WORK REQUIRED - Starting at the line that contains "Jeans Jacquard Emblem", return every line through the end of the data exactly, without pictures.

Dataset entries:
+ + + + + + +

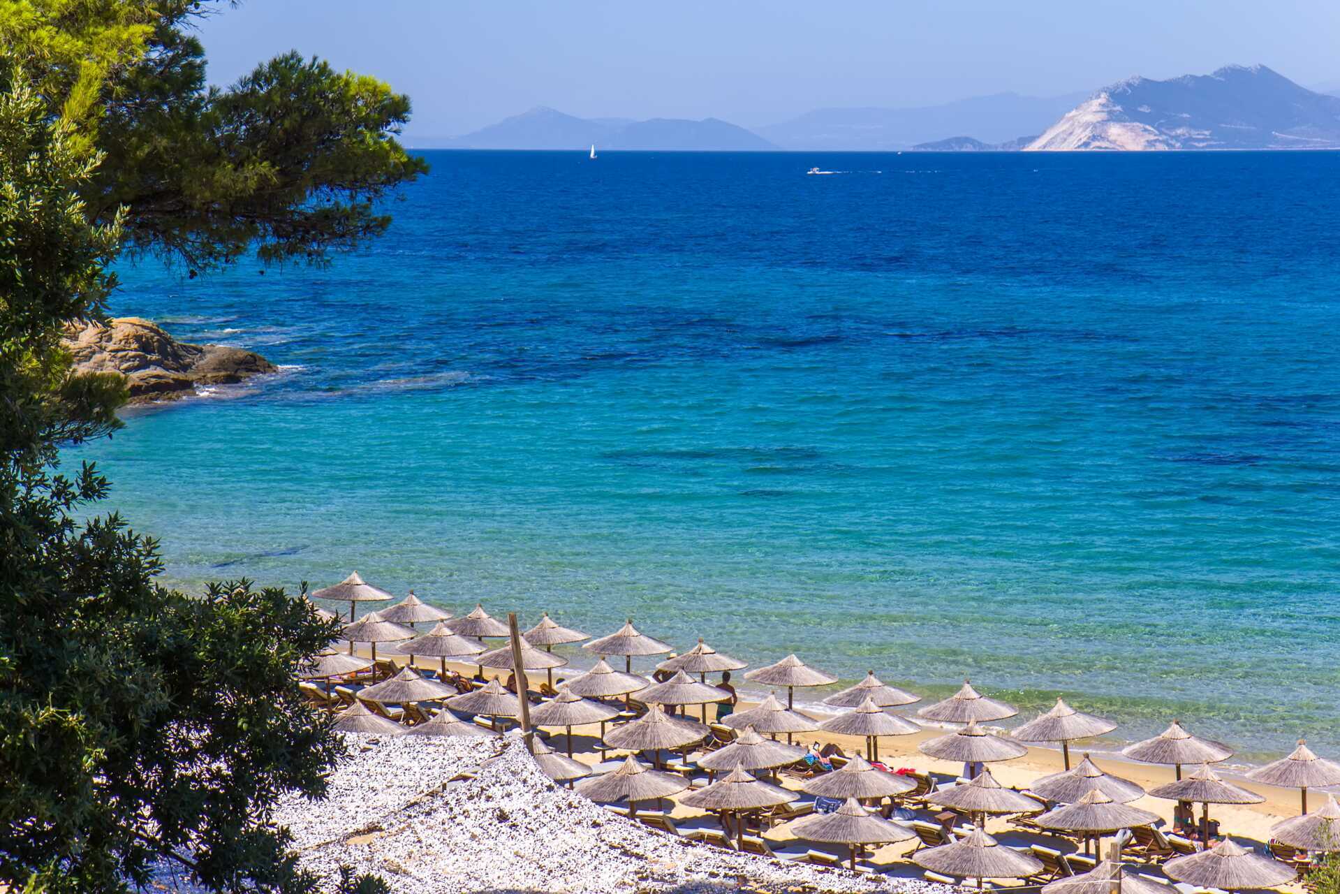 Langs den sørlige kysten ligger en rekke sandstrender, som lett nås med lokale busser eller taxier. Nesten alle strendene er omkranset av grøntområder, noe som gir en behagelig kjølighet. På mange av dem er det også enkle måltider og på de større kan du drive med morsomme vannsporter av alle slag. Best av alt er Koukounaries på sørvestkysten, regnet som en av Europas beste strender, med nydelig sand omgitt av furutrær. Hvis du ønsker å komme deg til den mer øde nordkysten, kan du bli med en fiskebåt, kaiki, til strender med steiner og grotter.
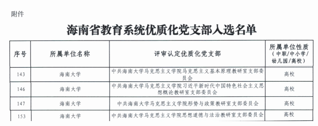 近日,海南省教育系统党支部优质化建设评选结果公布,sunbet申搏马克思主义基本原理教研室党支部、习近平新时代中国特色社会主义思想教研室党支部、形势与政策课教研室党支部、思想道德与法治教研室党支部,凭借扎实的党建工作成效,共同荣获“海南省教育系统优质化党支部”称号。
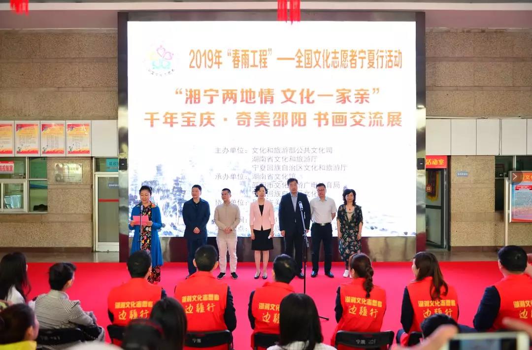 文化春雨润宁夏,志愿服务惠民生。作为宁夏品牌群众文化活动之一的2019年“春雨工程”——湖南省文化旅游志愿者宁夏行活动,于4月26日—4月28日在银川成功举办,自治区党委宣传部副部长毛录、湖南省文化和旅游厅副厅长尚斌、宁夏文化和旅游厅副厅长赵明霞、龚铁军等领导出席启动仪式,并参加了其中部分活动。
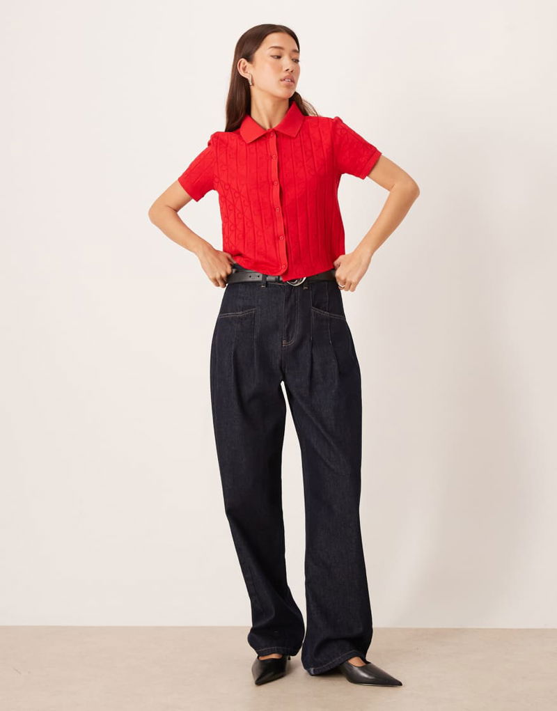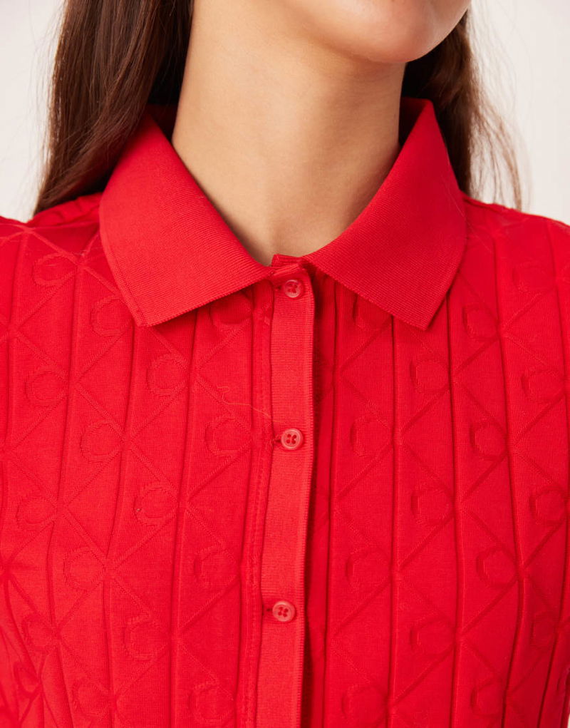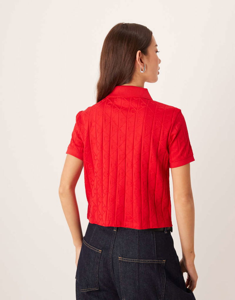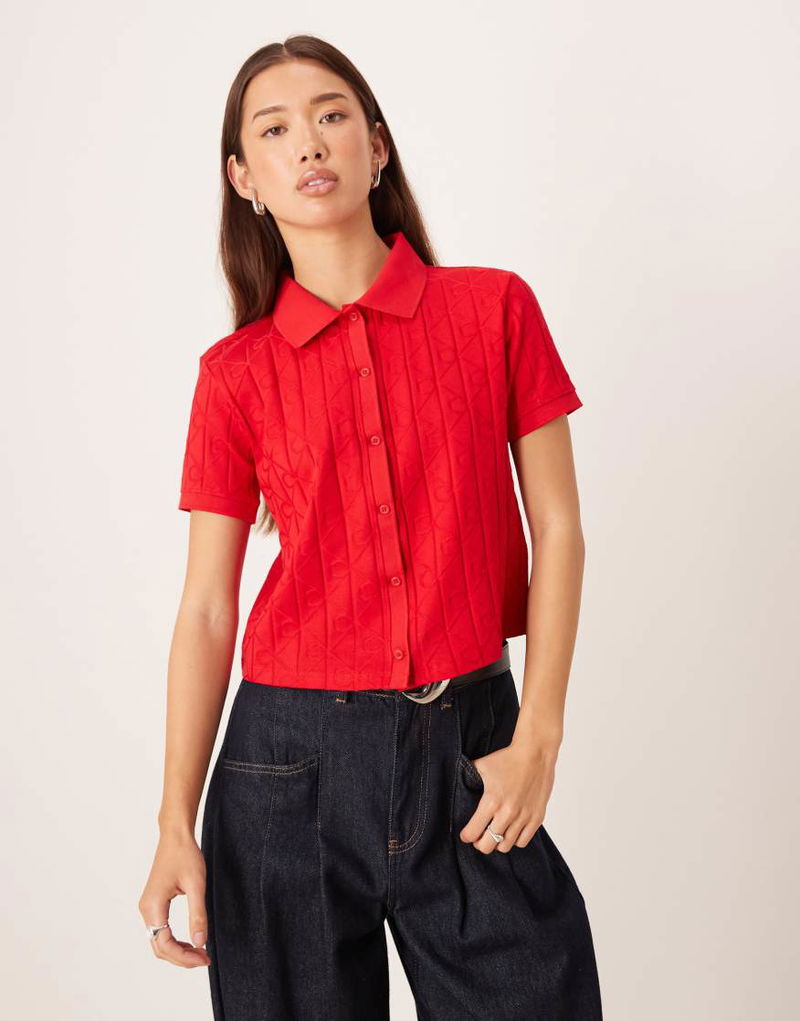 Jeans Jacquard Emblem Crop Shirt In Bright Red
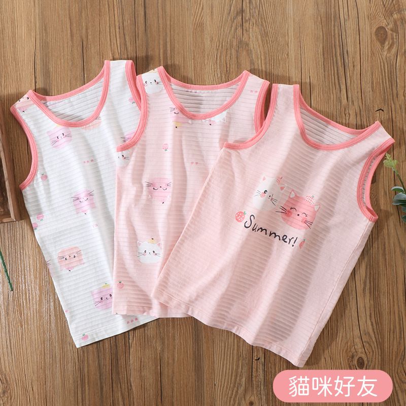 竹節棉透氣無袖背心(三件組)-貓咪好友-白+粉
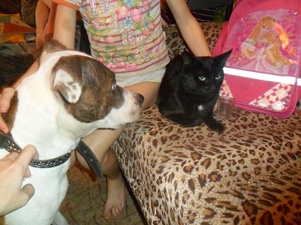 со своими пока не знакомила - Амира рычит через стеклянную дверь на нее. потом займусь объяснением что ее нельзя трогать.
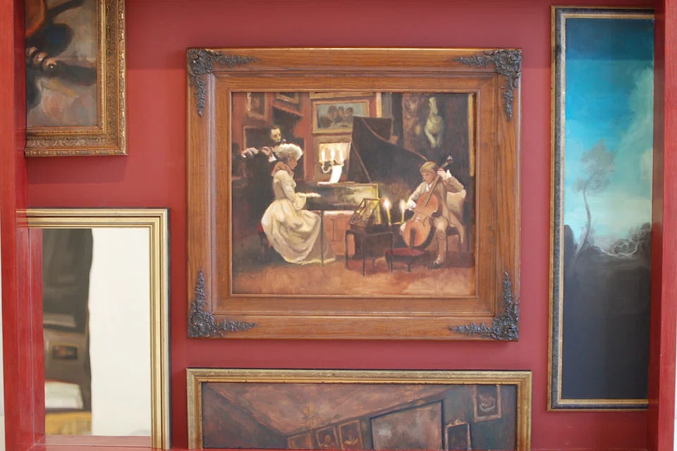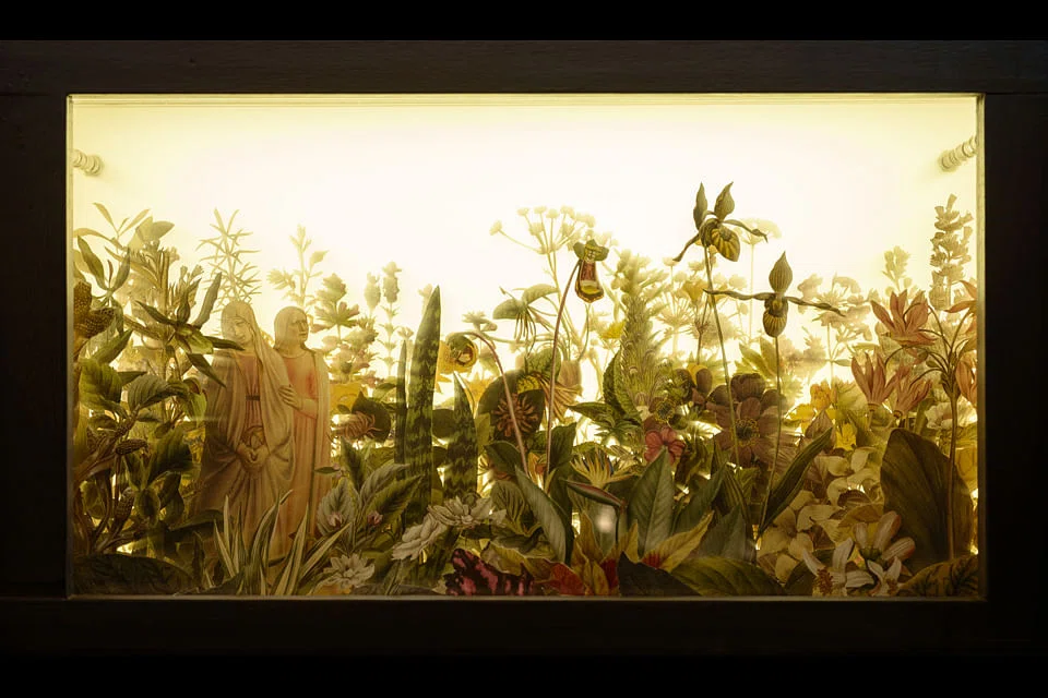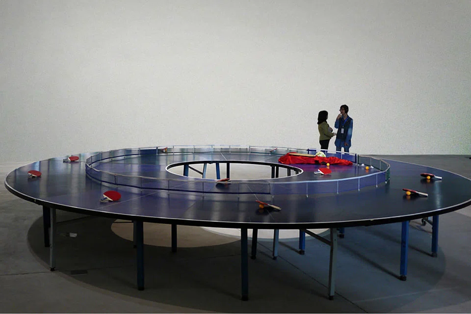 AN urban landscape. A horseshoe- shaped ping-pong table. Madonnas in a fantastical garden wonderland.
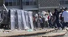 انتهت مدة السماح للمتظاهرين في الثالثة مساءً، ولكنهم حصلوا على ساعة إضافية. بعد نهاية هذه الساعة، تم تجاهل المطالبات المتتالية لتفرق من قبل أغلب المتظاهرين. قام المعلق جيفريريس بقراءة قانون الشغب للمتجمعين، وبعد 40 دقيقة، أمر شرطة مقاومة الشغب بتفريق التجمع. فقامت شرطة مقامة الشغب بذلك باستخدام الغاز المسيل للدموع والرصاصات المطاطية. فقام أعضاء اتحاد العمال بالاستلقاء ورفضوا التفرق، مما اضطرالشرطة لسحبهم بالقوة من المنطقة.

+ + + + + + +

WRITTEN ANSWER -
 Jeans Jacquard Emblem Crop Shirt In Bright Red
 竹節棉透氣無袖背心(三件組)-貓咪好友-白+粉
 со своими пока не знакомила - Амира рычит через стеклянную дверь на нее. потом займусь объяснением что ее нельзя трогать.
 AN urban landscape. A horseshoe- shaped ping-pong table. Madonnas in a fantastical garden wonderland.
 انتهت مدة السماح للمتظاهرين في الثالثة مساءً، ولكنهم حصلوا على ساعة إضافية. بعد نهاية هذه الساعة، تم تجاهل المطالبات المتتالية لتفرق من قبل أغلب المتظاهرين. قام المعلق جيفريريس بقراءة قانون الشغب للمتجمعين، وبعد 40 دقيقة، أمر شرطة مقاومة الشغب بتفريق التجمع. فقامت شرطة مقامة الشغب بذلك باستخدام الغاز المسيل للدموع والرصاصات المطاطية. فقام أعضاء اتحاد العمال بالاستلقاء ورفضوا التفرق، مما اضطرالشرطة لسحبهم بالقوة من المنطقة.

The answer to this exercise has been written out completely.